Gao Weiwei, Baker Thomas A, Zhou Ling, Pinnaduwage Dilini S, Kaxiras Efthimios, Friend Cynthia M
Department of Chemistry and Chemical Biology, Harvard University, 12 Oxford Street, Cambridge, Massachusetts 02138, USA.
J Am Chem Soc. 2008 Mar 19;130(11):3560-5. doi: 10.1021/ja077989a. Epub 2008 Feb 22.
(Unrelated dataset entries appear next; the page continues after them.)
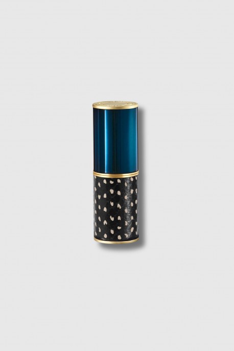 Cet étui Mezzanotte signé Dries Van Noten est un rouge à lèvres rechargeable. Objet de beauté, avec des écrins rechargeables aux imprimés contrastés sur le haut et le bas.
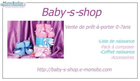 Voilà je viens de commencer mon ptit commerce je vends du prêt-à-porter de 0 à 7 ans et aussi des accessoires et encore plein de nouveautés qui vont arriver début avril in sha'Allah à bas prix, pouvez-vous partagez ma page et aimer svp la oummah afin que je puisse me faire connaitre bi idhni'Llah, sur facebook baby s shop et le site c'est http://baby-s-shop.e-monsite.com.
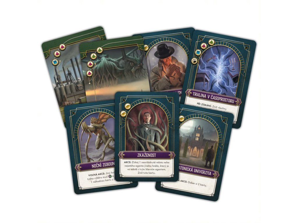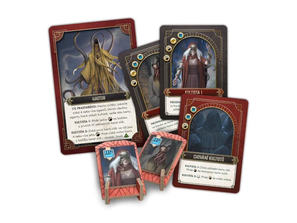 - Komponenty pro sólový režim (karty prastarých, kultistů a žetony)
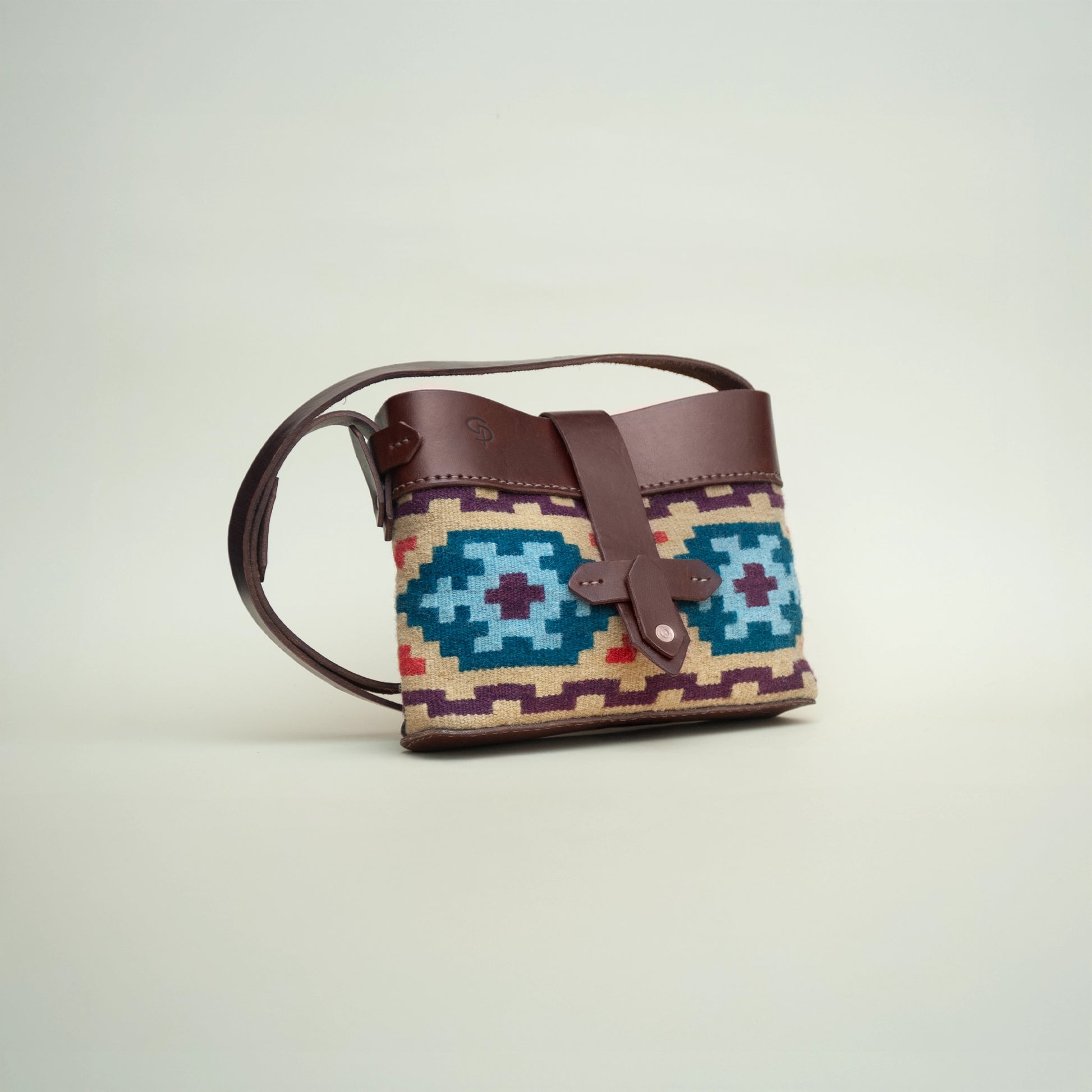 This handmade crossbody bag blends traditional Georgian weaving with a modern, functional design. The adjustable strap ensures comfortable wear, while the spacious interior holds all your daily essentials. Crafted from naturally dyed wool using indigo and Saperavi grape skins, and finished with durable leather for added strength.

We report the first scanning tunneling microscope (STM) investigation, combined with density functional theory calculations, to resolve controversy regarding the bonding and structure of chlorine adsorbed on Au(111). STM experiments are carried out at 120 K to overcome instability caused by mobile species upon chlorine adsorption at room temperature. Chlorine adsorption initially lifts the herringbone reconstruction. At low coverages (<0.33 ML), chlorine binds to the top of Au(111)-(1 x 1) surface and leads to formation of an overlayer with (square root(3) x square root(3))R30 degree structure at 0.33 ML. At higher coverages, packing chlorine into an overlayer structure is no longer favored. Gold atoms incorporate into a complex superlattice of a Au-Cl surface compound.
我们报告了首次结合密度泛函理论计算的扫描隧道显微镜(STM)研究,以解决关于氯吸附在Au(111)上的键合和结构的争议。STM实验在120 K下进行,以克服室温下氯吸附时移动物种引起的不稳定性。氯吸附最初会解除人字形重构。在低覆盖度(<0.33 ML)下,氯结合到Au(111)-(1×1)表面的顶部,并在0.33 ML时导致形成具有(√3×√3)R30°结构的覆盖层。在较高覆盖度下,将氯堆积成覆盖层结构不再有利。金原子融入Au-Cl表面化合物的复杂超晶格中。